Las dos caras del nacionalismo
«El catalanismo fluctúa entre el discurso de la superioridad cultural, económica y hasta genética, y el del sufrimiento de un pueblo oprimido por el imperialismo»
El nacionalismo, esa inflamación narcisista de la identidad, dejó hace mucho de ser el pasatiempo anacrónico de poetas borrachos de sí mismos para convertirse en un asunto, ese sí, transversal a la izquierda y la derecha. Es el gran problema de nuestro tiempo, qué duda cabe, y si algo faltaba para demostrarlo ahí está la guerra de Ucrania, un delirio atroz detonado por sueños revanchistas antioccidentales y la mitificación de una supuesta unidad espiritual de rusos, bielorrusos y ucranianos. Porque sí: los sospechosos habituales pueden recelar de Occidente y culpar a la OTAN o a Estados Unidos de la virulenta reacción de Rusia, pero basta con leer los ensayos de Putin para saber que la divisoria influencia que estaba ejerciendo en Ucrania la cultura latina y occidental era, en su opinión, «equiparable en sus consecuencias al uso de armas de destrucción masiva».

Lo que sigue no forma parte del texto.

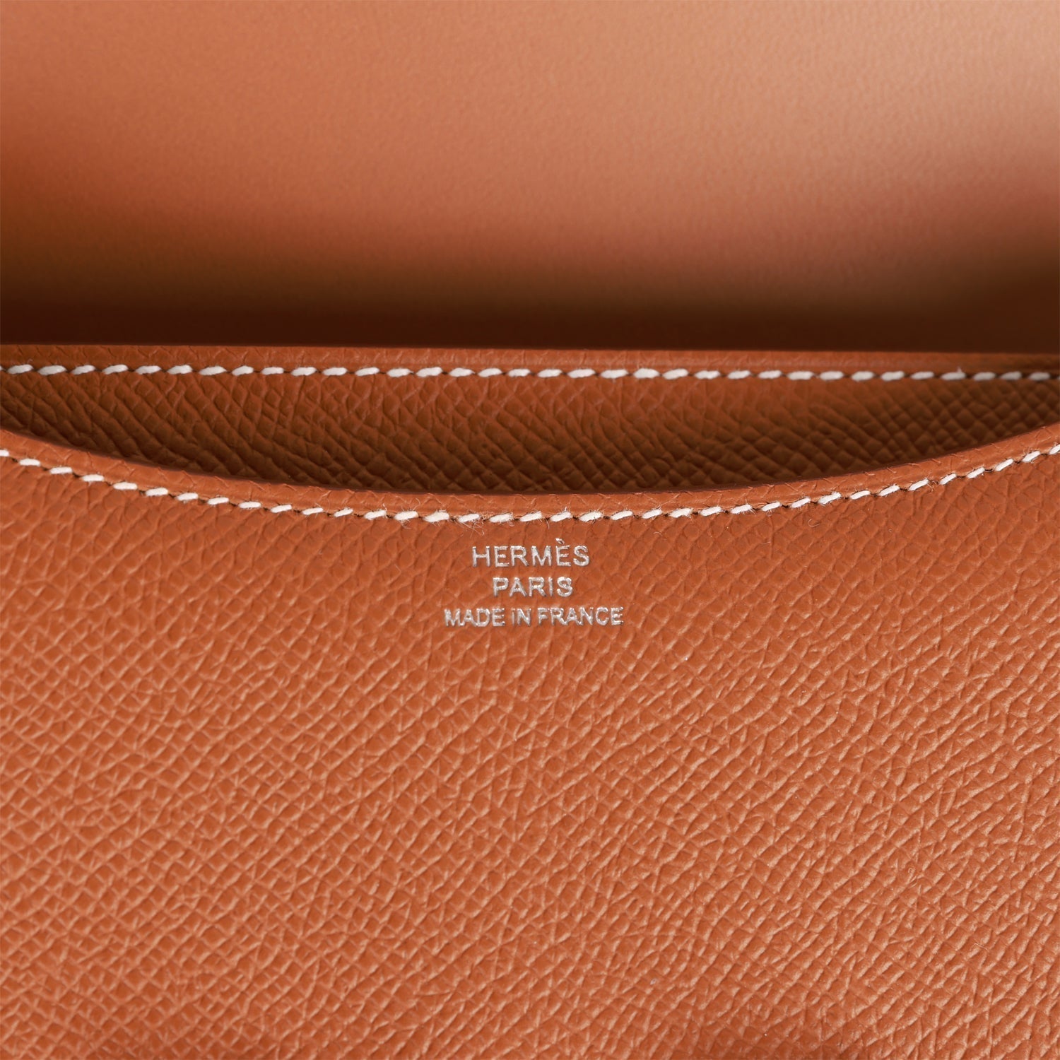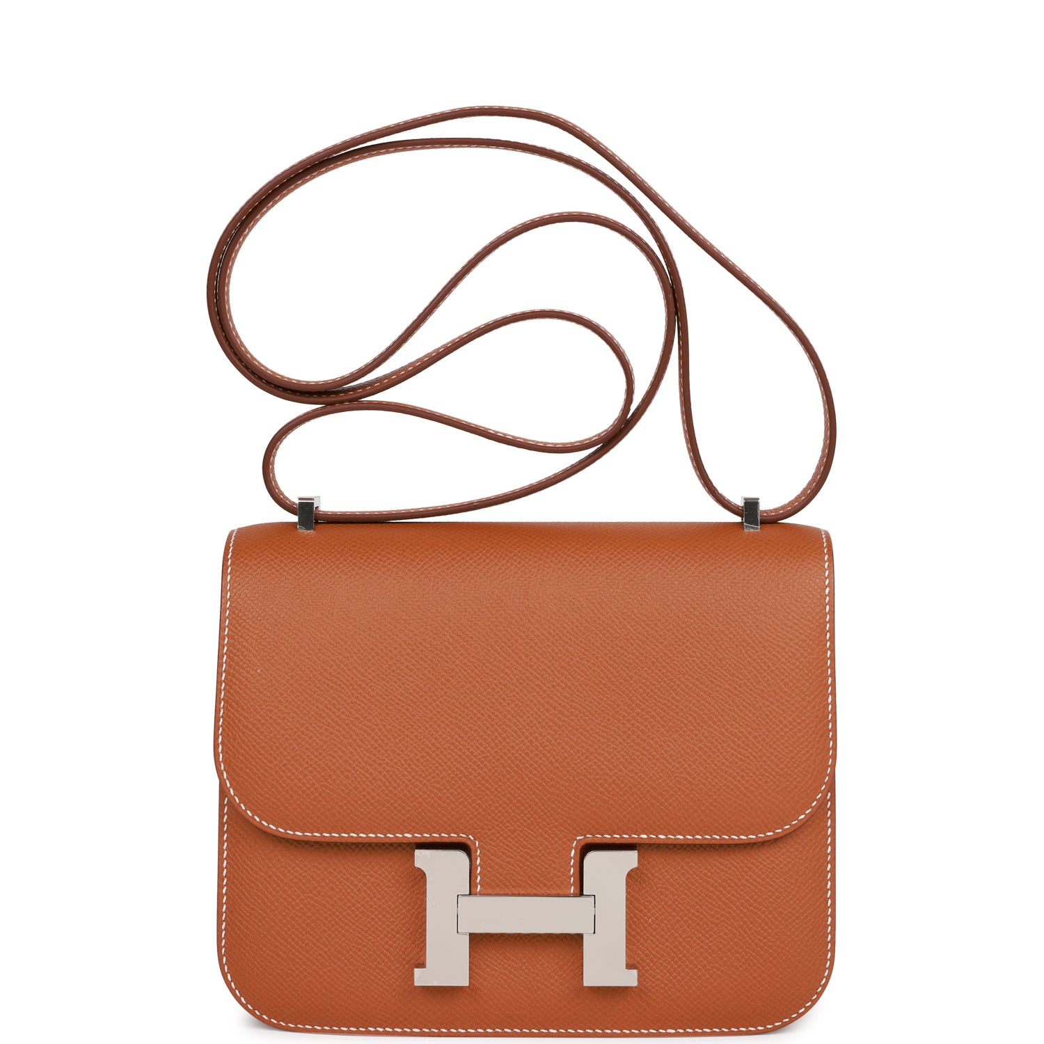 This Constance is in Gold epsom leather with palladium hardware and has contrast stitching, a metal "H" snap lock closure and adjustable shoulder strap.

Lo grave de este problema es que está lejos de agotarse en Putin. El nacionalismo gana terreno en países que parecían haber asimilado sus nocivas consecuencias, y ahora se usa como un efectivo comodín que le permite a fuerzas políticas marginales, outsiders y renegados de todo tipo, dar el salto de la marginalidad al centro de la actualidad política nacional. Lo hacen, claro, con las armas del populismo, que tiene el poder de desdoblar el nacionalismo en dos para llegar a sectores más amplios de la población.
Me explico: el populismo explota de forma simultánea las dos fuentes de las que se nutre el nacionalismo, la fortaleza y el victimismo, el anhelo de grandeza y el impulso liberador, la visión de un destino glorioso y la amenza del colonialismo. Un buen populista –pensemos en el maestro de todos, Juan Domingo Perón- juega esas dos cartas al mismo tiempo. Al nacionalista de derechas le ofrece una imagen de autoridad y fuerza, de orden y dominio, y al nacionalista de izquierdas le promete la emancipación de las potencias imperiales, además de paternalismo e inclusión de los marginados. Las dos cosas al mismo tiempo, insisto, de manera que sectores muy distintos de la sociedad, que pueden llegar a detestarse entre sí, encuentran en el gran caudillo un símbolo de afirmación nacional.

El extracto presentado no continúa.